Few and relatively small validation studies have been conducted in Western non-US populations, and none of them used a population-based cohort design. In the United Kingdom, the Gail model underestimated significantly breast cancer risk in 3,150 women attending a family history clinic [12]. In Italy, the Gail model showed good overall calibration but modest individual discrimination in 5,383 hysterectomized women enrolled in a breast cancer chemoprevention trial [13] and, more recently, in 10,031 female volunteers with high prevalence of risk factors who participated in the Florence cohort of the European Prospective Investigation into Cancer and Nutrition study [14].

The Gail model could be useful to predict the risk of developing invasive breast cancer in Spain, where all women aged 50–69 years are currently covered by population-based mammographic screening programs [15]. However, age-standardized breast cancer incidence rates in Spain (61 cases per 100,000 women in 2008) are substantially lower than those in the United States (76) and most countries in Northern (84), Western (90), and Southern Europe (69) [16]. Thus, to avoid a systematic overestimation of breast cancer risk among Spanish women, it may be necessary to recalibrate the Gail model for the different incidence rates of invasive breast cancer and prevalences of risk factors in the Spanish population. In this study, we evaluated the predictive accuracy of the Gail model in its original form and after recalibration in a large population-based cohort of women who participated in the Navarre Breast Cancer Screening Program (NBCSP), and compared its performance with that of a similar prediction model fully developed from this Spanish cohort.

Methods

Navarre Breast Cancer Screening Program

The NBCSP belongs to the European Breast Cancer Network and was the first population-based mammographic screening program implemented in Spain in September 1990. The initial target population covered all women aged 45–65 years residing in the northern Spanish province of Navarre, but this age range was extended to 69 years in 1998 (77,455 female inhabitants aged 45–69 years in 2001). The program achieved full coverage of the target population in 2 years, the period established as the screening interval. All performance indicators of the NBCSP during the period 1990–2004, including a participation rate for first invitation of 84 % and an adherence to successive invitations of 97 % [17], have consistently exceeded the reference levels set by European guidelines [18]. The population impact of the NBCSP on breast cancer incidence and mortality rates in Navarre has recently been reported [19, 20].

Study cohort, baseline assessment, and follow-up

A total of 62,909 women with no history of invasive or in situ breast cancer who resided in Navarre and were born between January 1, 1931 and December 31, 1952 were invited to participate in the fourth screening round of the fully consolidated NBCSP. Of these, 54,995 women agreed to participate and were mammographically screened between September 1996 and July 1998 (participation rate 87.4 %).

Baseline information on age at menarche, previous breast biopsy, number of births, age at first live birth, and number of first-degree relatives (mother or sisters) with breast cancer was obtained from structured questionnaires administered by trained interviewers in the fourth screening round. Most women who reported ever having a breast biopsy referred to tests performed outside the NBCSP, and hence we were unable to determine the precise number of previous breast biopsies. Also, atypical hyperplasia was only ascertained in a small subset of women with biopsies performed within the NBCSP and, therefore, not considered in risk predictions.

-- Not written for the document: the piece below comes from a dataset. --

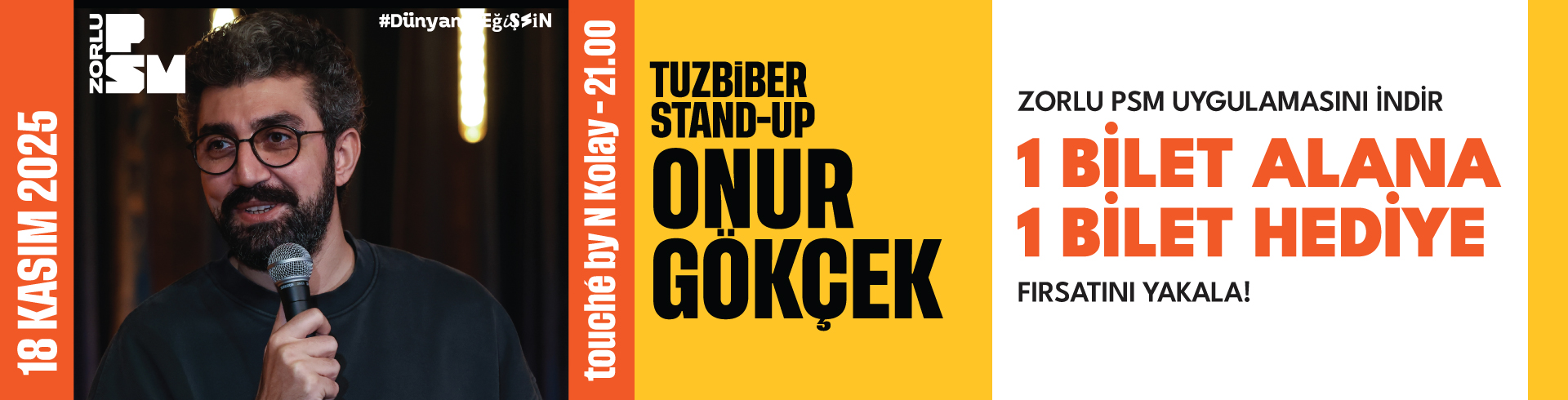 Zorlu PSM uygulamasını indir, kampanya kodunu aktive et ve 18 Kasım Salı günü touché by N Kolay'da gerçekleşecek olan TuzBiber Stand-Up: Onur Gökçek gösterisi için 1+1 fırsatını yakala!

For the present study, we excluded 168 women with prevalent breast cancer at their baseline mammographic examination in the fourth screening round, as well as 3 women who developed breast cancer and 35 women who died within 180 days from baseline. We also excluded 113 women lost to follow-up after baseline examination and 27 women with missing baseline information on the required risk factors. Thus, the starting cohort consisted of 54,649 women aged 45–68 years who were followed for the period beginning 180 days after the 1996–1998 baseline examination through December 31, 2005. Breast cancer cases were ascertained through linkage with the population-based Navarre Cancer Registry [21], which records all incident cases of invasive or in situ breast cancer diagnosed since 1973 in women residing in Navarre. Case ascertainment during follow-up was likely to be complete, since the registry searched all relevant case sources in addition to the NBCSP, with 99 % of breast cancer cases histologically verified and 0.8 % registered solely on the basis of death certificates in 1998–2002 [22]. Deaths from other causes were identified through the Navarre Mortality Registry, which includes all deaths registered in Spain among residents in Navarre. The municipal register of inhabitants and the regional health system were consulted to confirm that disease-free women were still living in Navarre at the end of follow-up. Only 292 women were lost to follow-up and censored at the time of their last visit to the NBCSP, while the remaining women were followed disease free through December 31, 2005.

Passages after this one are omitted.